Si il y a un sujet qui a le plus défrayé la chronique ces derniers mois au Burkina, c’est celui dit de la mosquée de Panzani. A l’origine de cette affaire, c’est la destruction d’une mosquée érigée sur un terrain querellé à Panzani, dans un quartier périphérique de Ouagadougou. Cette destruction qui a suscité un tollé au sein des musulmans a connu son « épilogue » la semaine écoulée.
Le 7 septembre 2020, par voie d’huissier et conformément à une décision judiciaire du 10 juin de la même année, une mosquée est démolie à Panzani, un quartier situé à la sortie nord à l’arrondissement 9 de Ouagadougou. Cette destruction est le dénouement d’un long marathon judiciaire qui opposait Moussa Guigma (M.G), l’occupant des lieux au moment de la destruction et Jacques Ouedraogo (J.O), le propriétaire “légal”. En effet ce terrain litigieux, mesurant plus de 8.000 m² et sur lequel M.G avait déjà érigé des édifices religieux, était querellé par les deux hommes, chacun prétendant être le propriétaire légal. Portée devant les juridictions compétentes, cette affaire connaîtra une issue judiciaire: M.G est dépossédé du terrain au profit de J.O et du même coup, la justice ordonne la démolition des édifices déjà réalisés. Cette démolition opérée va susciter une avalanche de réactions parfois acerbes au sein de la communauté musulmane. Au lendemain de la démolition, soit le 17 septembre 2020, des jeunes se réclamant être des musulmans, au détour d’une conférence de presse, avaient fustigé cette décision judiciaire et proféré des menaces à peine voilées à l’encontre de l’huissier ayant procédé à la destruction. La tension montait, surtout que l’autre prétendant au terrain, J.O, semble appartenir à une autre confession religieuse. Le gouvernement burkinabè, mu certainement par le souci de prôner le vivre-ensemble, va prendre des mesures conservatoires pour dit-il «préserver la paix et la cohésion sociale» dans cette affaire qui prenait des proportions «inquiétantes». Le gouvernement, par la voix du porte-parole du gouvernement d’alors, Rémis Dandjinou, déclare en substance le 23 septembre 2020, que le gouvernement a demandé que lumière soit faite «quelqu’ en soit la situation». Par la suite, le gouvernement a décidé du retrait du terrain litigieux le 7 octobre 2020, terrain qui devenait par conséquent une «propriété de l’Etat».
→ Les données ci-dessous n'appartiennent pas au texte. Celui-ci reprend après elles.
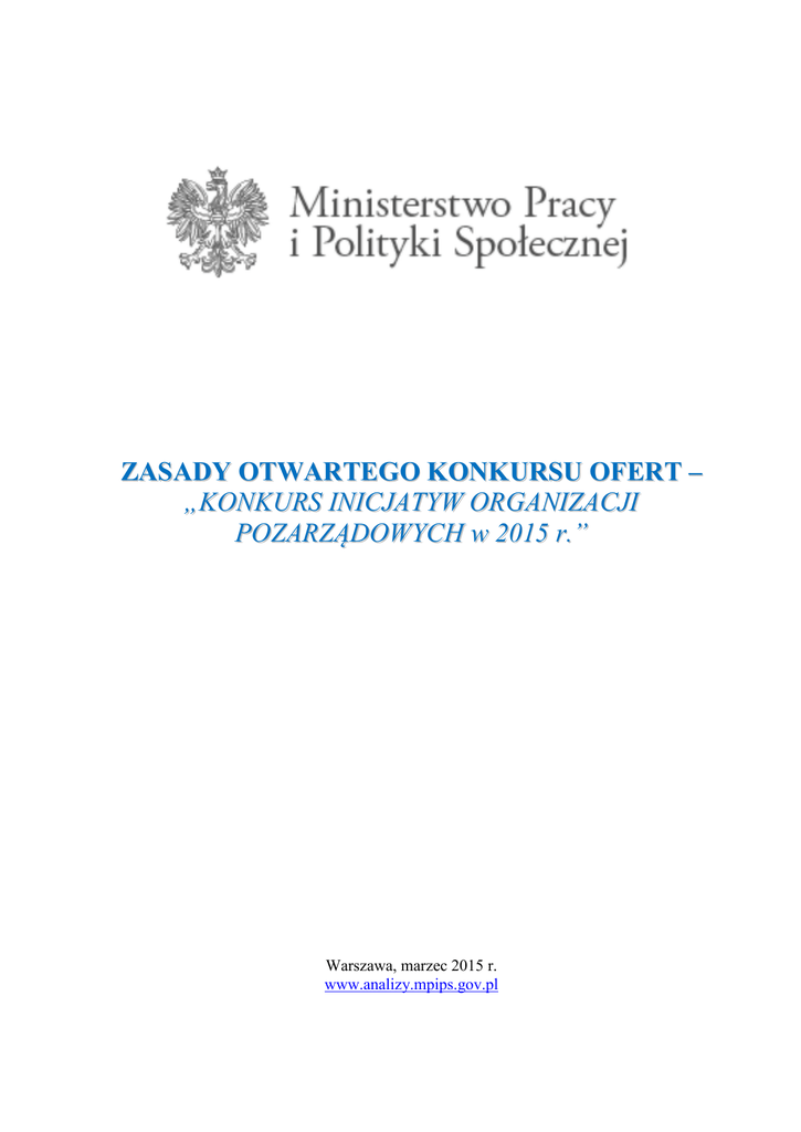 ZASADY OTWARTEGO KONKURSU OFERT – „KONKURS INICJATYW ORGANIZACJI POZARZĄDOWYCH w 2015 r.” Warszawa, marzec 2015 r. www.analizy.mpips.gov.pl SPIS TREŚCI: KTO MOŻE UBIEGAĆ SIĘ O PRZYZNANIE DOTACJI? ........................................... 3 I. 1. 2. PODMIOTY UPRAWNIONE ............................................................................................ 3 OFERTA WSPÓLNA ......................................................................................................... 4 II. ŚRODKI FINANSOWE NA REALIZACJĘ ZADAŃ PUBLICZNYCH ........................ 4 1. 2. 3. ŚRODKI WŁASNE ............................................................................................................ 5 KOSZTY KWALIFIKOWALNE ....................................................................................... 5 KOSZTY NIEKWALIFIKOWALNE ................................................................................ 7 III. CZAS REALIZACJI ZADAŃ ............................................................................................. 7 IV. KRYTERIA WYBORU OFERT ......................................................................................... 8 1. 2. 3. 4. 5. V. OCENA FORMALNA........................................................................................................ 8 OCENA MERYTORYCZNA ............................................................................................. 9 REKOMENDACJA WYBORU OFERTY ....................................................................... 10 OGŁOSZENIE WYNIKÓW ............................................................................................ 10 POSTĘPOWANIE ODWOŁAWCZE .............................................................................. 10 ZAWARCIE UMOWY I PRZEKAZANIE ŚRODKÓW ............................................... 10 VI. REALIZACJA ZADANIA PUBLICZNEGO .................................................................. 11 VII. ROZLICZANIE DOTACJI, SPRAWOZDANIE I KONTROLA Z REALIZACJI ZADANIA .................................................................................................................................... 11 1. Zasady otwartego konkursu ofert w ramach „Konkursu Inicjatyw Organizacji Pozarządowych w 2015 r.”, zwane dalej „Zasadami”, zawierają podstawowe informacje o otwartym konkursie ofert – Konkurs Inicjatyw Organizacji Pozarządowych w 2015 r. 2. Konkurs Inicjatyw Organizacji Pozarządowych w 2015 r. zwany jest dalej zamiennie „KIOP 2015” lub „konkurs”. 2 I. KTO MOŻE UBIEGAĆ SIĘ O PRZYZNANIE DOTACJI? Minister Pracy i Polityki Społecznej, zwany dalej „Ministrem”, ogłasza otwarty konkurs ofert – Konkurs Inicjatyw Organizacji Pozarządowych w 2015 r. (KIOP 2015). Jest on ogłaszany dla projektów z obszaru: wyrównywanie szans kobiet i mężczyzn na rynku pracy. W roku 2015 temat otwartego konkursu ofert brzmi: Więcej kobiet w zawodach zdominowanych przez mężczyzn. Zakres możliwych do zrealizowania w ramach konkursu działań obejmuje wszystkie obszary działalności pożytku publicznego wymienione w art. 4 ustawy z dnia 24 kwietnia 2003 r. o działalności pożytku publicznego i o wolontariacie (Dz. U. z 2014 r. poz. 1118, 1138 i 1146), zwanej dalej „UDPP”. Realizowane działania mają przyczynić się do przełamywania stereotypów dotyczących roli kobiety na rynku pracy. Grupa docelowa: kobiety. Przykładowe środowiska: obszary wiejskie lub miejskie, długotrwale bezrobotne kobiety, matki rodzin wielodzietnych, matki samotnie wychowujące dzieci, kobiety wychodzące z nałogów, byłe więźniarki itp. 1. PODMIOTY UPRAWNIONE Podmiotami uprawnionymi do składania ofert w konkursie są organizacje pozarządowe w rozumieniu art. 3 ust. 2 UDPP, posiadające siedzibę na terytorium Rzeczypospolitej Polskiej oraz podmioty, o których mowa w art. 3 ust. 3 UDPP, tj. osoby prawne i jednostki organizacyjne działające na podstawie przepisów o stosunku Państwa do Kościoła Katolickiego w Rzeczypospolitej Polskiej, o stosunku Państwa do innych kościołów i związków wyznaniowych oraz o gwarancjach wolności sumienia i wyznania, jeżeli ich cele statutowe obejmują prowadzenie działalności pożytku publicznego, jak również stowarzyszenia jednostek samorządu terytorialnego, spółdzielnie socjalne, a także spółki akcyjne i spółki z ograniczoną odpowiedzialnością oraz kluby sportowe będące spółkami działającymi na podstawie przepisów ustawy z dnia 25 czerwca 2010 r. o sporcie (Dz. U. z 2014 r. poz. 715), które nie działają w celu osiągnięcia zysku oraz przeznaczają całość dochodu na realizację celów statutowych oraz nie przeznaczają zysku do podziału między swoich członków, udziałowców, akcjonariuszy i pracowników. Uprawniony podmiot, składając ofertę w niniejszym konkursie, oświadcza, że w 2014 roku: - nie została wydana decyzja administracyjna w sprawie zwrotu dotacji wydatkowanej w nadmiernej wysokości, niezgodnie z przeznaczeniem, pobranej nienależnie; - nie zostało wydane orzeczenie sądu administracyjnego utrzymujące zaskarżoną decyzję administracyjną; - nie toczy się postępowanie egzekucyjne przeciwko Oferentowi, które mogłoby spowodować zajęcie dotacji na poczet zobowiązań Oferenta. Każdy uprawniony podmiot może złożyć wyłącznie jedną ofertę (w tym ofertę wspólną) w ramach niniejszego konkursu. Oznacza to, iż np. 2 organizacje, składając ofertę wspólnie, nie mogą składać także ofert samodzielnie. 3 2. OFERTA WSPÓLNA Ofertę wspólną może złożyć kilka (co najmniej 2) podmiotów uprawnionych do aplikowania o środki w ramach konkursu. Oferta wspólna (w stosunku do oferty składanej przez jeden podmiot uprawniony) powinna zawierać dodatkowe informacje: określenie działań w ramach realizacji zadania publicznego, które będą wykonywać poszczególne podmioty uprawnione do oferty wspólnej, a także sposób reprezentacji podmiotów uprawn
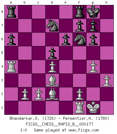 Last move : 1-0 2011 April 30 16:53:35 [Event "FICGS__CHESS__RAPID_B__000177"] [Site "FICGS"] [Date "2011.03.02"] [Round "1"] [White "Bhandarkar,Dinesh"] [Black "Permentier,Herve"] [Result "1-0"] [WhiteElo "1726"] [BlackElo "1780"] 1.e4 d5 2.exd5 Qxd5 3.Nc3 Qa5 4.Nf3 Nf6 5.Bc4 Bf5 6.O-O e6 7.d3 Nbd7 8.Bf4 Bd6 9.Qd2 O-O 10.Nb5 Qxd2 11.Bxd2 a6 12.Nxd6 cxd6 13.Nh4 Bg4 14.h3 Bh5 15.g4 Bg6 16.Nxg6 hxg6 17.d4 d5 18.Bd3 b5 19.a4 bxa4 20.Rxa4 1-0 This chess game has been lost on time (started : 2011.03.02 13:35:51) Scandinavian (centre counter) defense Kingside Castling by player White (move 6) Kingside Castling by player Black (move 9) Player White won this chess game. Follow this game move after move (download)There is no remorse like the remorse of Chess. (H. G. Wells) Das Schachspiel ist ein See, in welchem eine Mücke baden und ein Elefant ertrinken kann. (Emanuel Lasker) No hay otro maestro que tenga una voluntad terrífica de ganar. Al tablero, el irradía peligro y aún los oponentes mas fuertes tienden a congelarse como liebres cuando olfatean a una pantera. Aún sus debilidades son peligrosas. Con las blancas, su juego de apertura es predecible - te es posible hacer planes en su contra - pero es tan fuerte que tus planes casi nunca funcionan. En el juego medio, su precisión e invención son fabulosas y en finales, tú simplemente no le puedes vencer. (Experto Alemán anónimo) Les échecs sont un jeu par leur forme, un art par leur essence et une science par sa difficulté d'acquisition. Ils peuvent vous procurer autant de plaisir qu'un bon livre ou une belle musique, mais vous n'aurez une réelle joie que si vous arrivez à bien jouer. (Tigran Petrosian) Tomorrow's what you make of it. (Horatio Caine, C.S.I. Miami)

Six mois après, alors qu’on croyait ce litige derrière nous, on assiste à un rebondissement spectaculaire. En effet dans un communiqué rendu officiel, le gouvernement burkinabè décidait de l’«expropriation pour cause d’utilité publique» de ce terrain, de son attribution à la FAIB (Fédération des Associations Islamiques du Burkina) pour usage confessionnel et enfin en guise de compensation, la cession d’un autre terrain à J.O considéré comme propriétaire légal selon le communiqué.
Cette décision gouvernementale va laisser pantois certains analystes. Les magistrats et les avocats du pays ont désapprouvé cette manière de faire du gouvernement. Même au sein des leaders musulmans, cette décision n’a pas fait l’unanimité. Ismael Tiendrebeogo, un jeune Imam très connu déclarait sur sa page facebook ceci: « Panzani: une décision qui interroge et me dérange». S’exprimant sur les ondes de la télé Bf1, Lionel Bilgo, un analyste, juge «très grave» la décision du gouvernement et affirme que les règles de droit ont été guillotinées au profit d’un arrangement belliqueux», ce qui peut ouvrir selon lui des «précédents très graves et très dangereux» pour l’avenir. Pour finir il interpelle le gouvernement à affirmer son autorité car pour lui «on ne dirige pas dans l’émotion mais dans la raison».
Cette affaire dite mosquée de Panzani n’a pas fini de livrer tous ses rebondissements mais l’on est en droit de se poser la question suivante: comment au nom d’un certain “souci de préservation de la paix”cohésion, l’Etat qui est le garant constitutionnel du respect de la règle édictée, vienne à «tordre le cou» à des décisions de justice? Cette façon de faire ne va-t-elle pas créer un ressentiment chez les autres confessions? Toute chose qui, à l’avenir, pourrait mettre en péril cette même cohésion que le gouvernement dit vouloir préserver actuellement.